## EXERCISE INSTRUCTIONS
What is needed here is an exact printout of the data, with no pictures included.

## DATASET SECTION

-*-*-

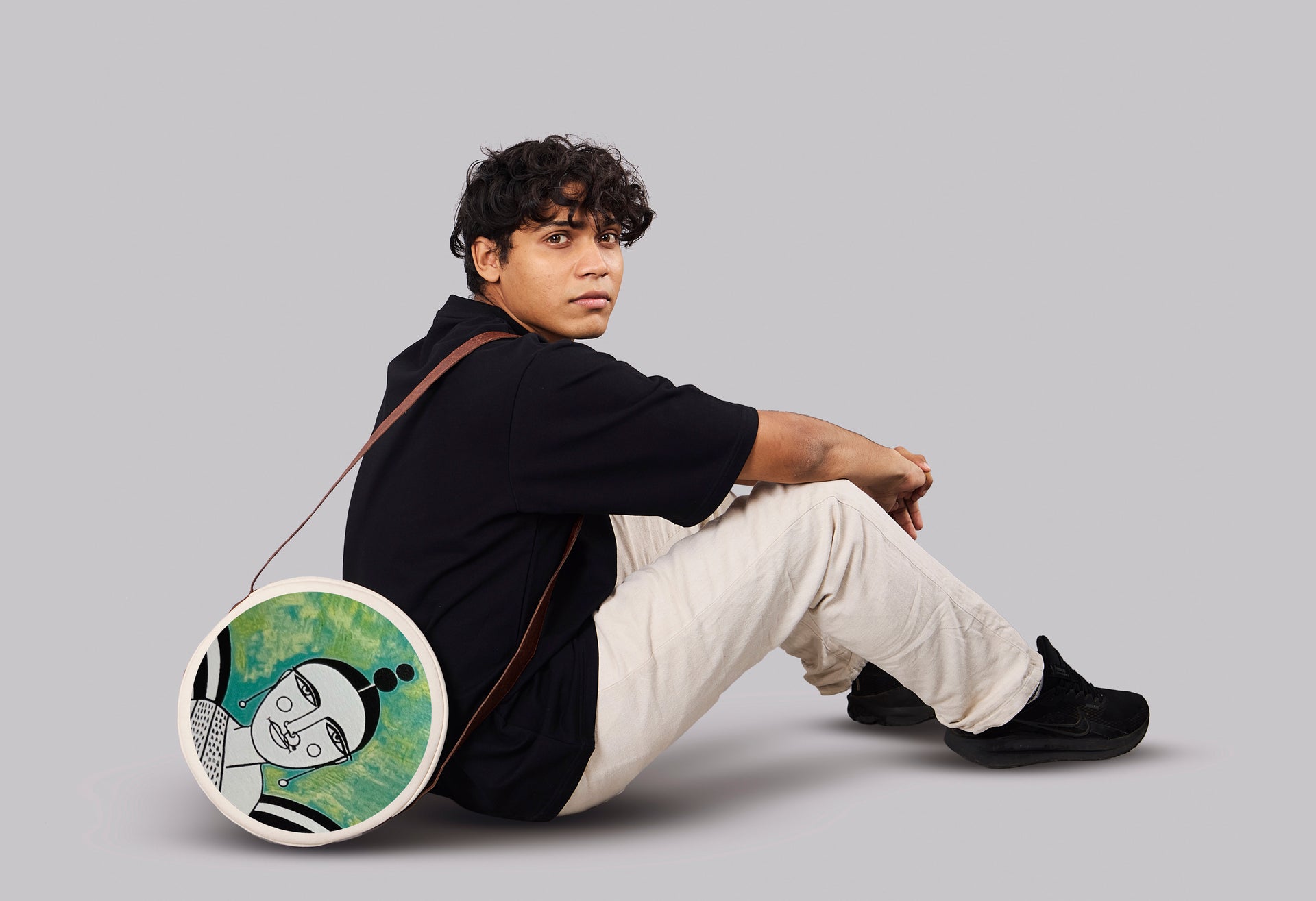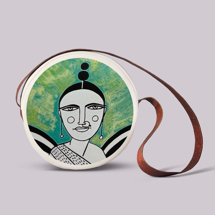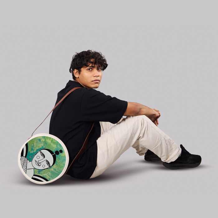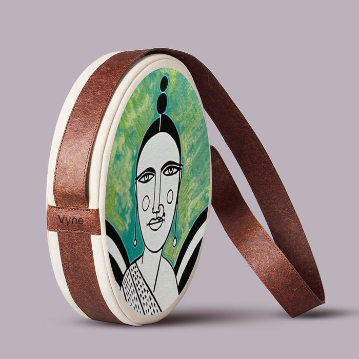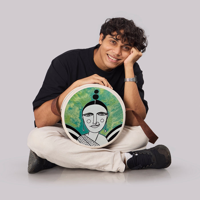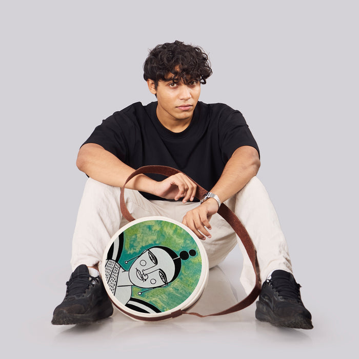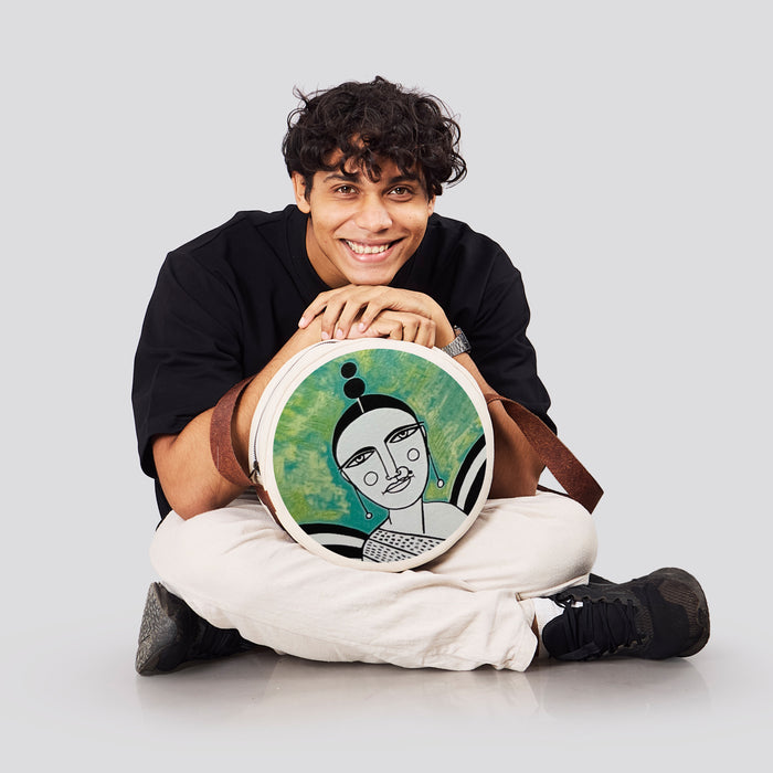 12-inch diameter in 100% cotton canvas, finished with coconut-based leather trim and handle, and eco-friendly brass zippers. Inside, a zipped pocket keeps order; outside, an open pocket keeps essentials within reach. Built for clarity, built for flow.
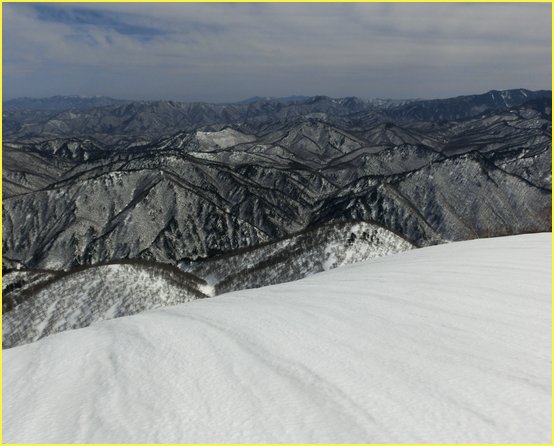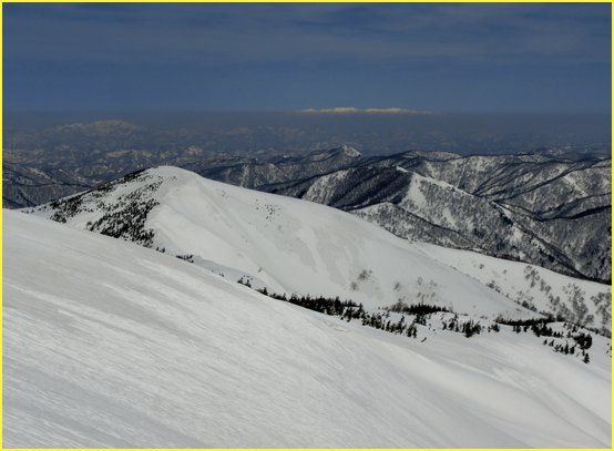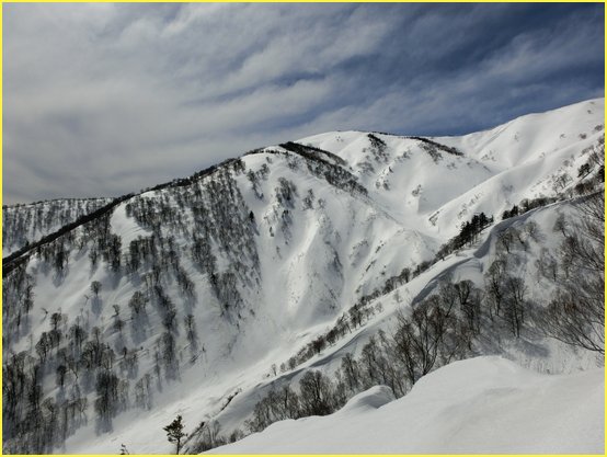 ”南東尾根1650m付近の大斜面。向いは大戸沢岳からの北東尾根。”
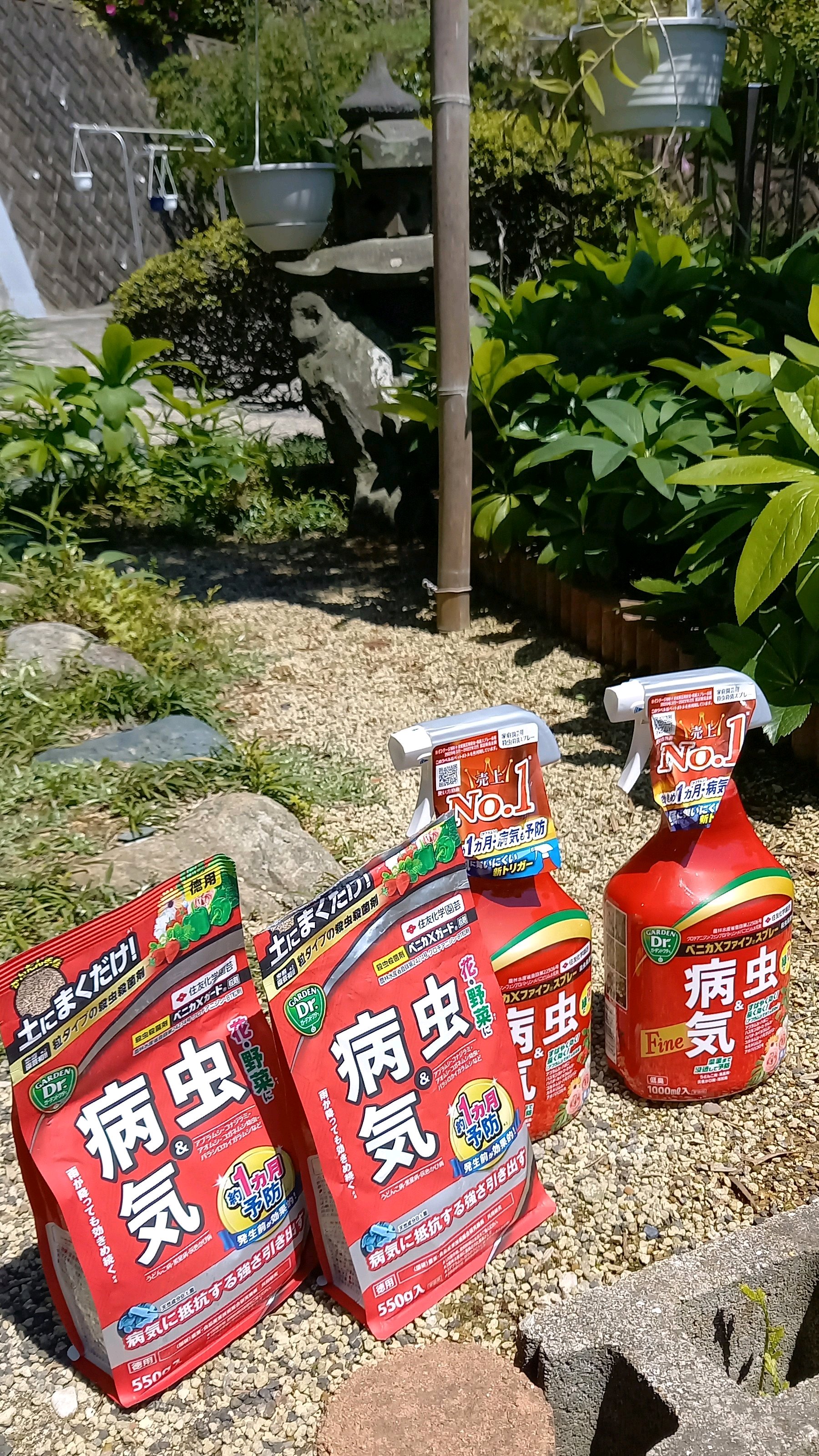古株整理をしながら、薬の散布開始🍀

-*-*-

## TASK RESPONSE
 12-inch diameter in 100% cotton canvas, finished with coconut-based leather trim and handle, and eco-friendly brass zippers. Inside, a zipped pocket keeps order; outside, an open pocket keeps essentials within reach. Built for clarity, built for flow.
 ”南東尾根1650m付近の大斜面。向いは大戸沢岳からの北東尾根。”
古株整理をしながら、薬の散布開始🍀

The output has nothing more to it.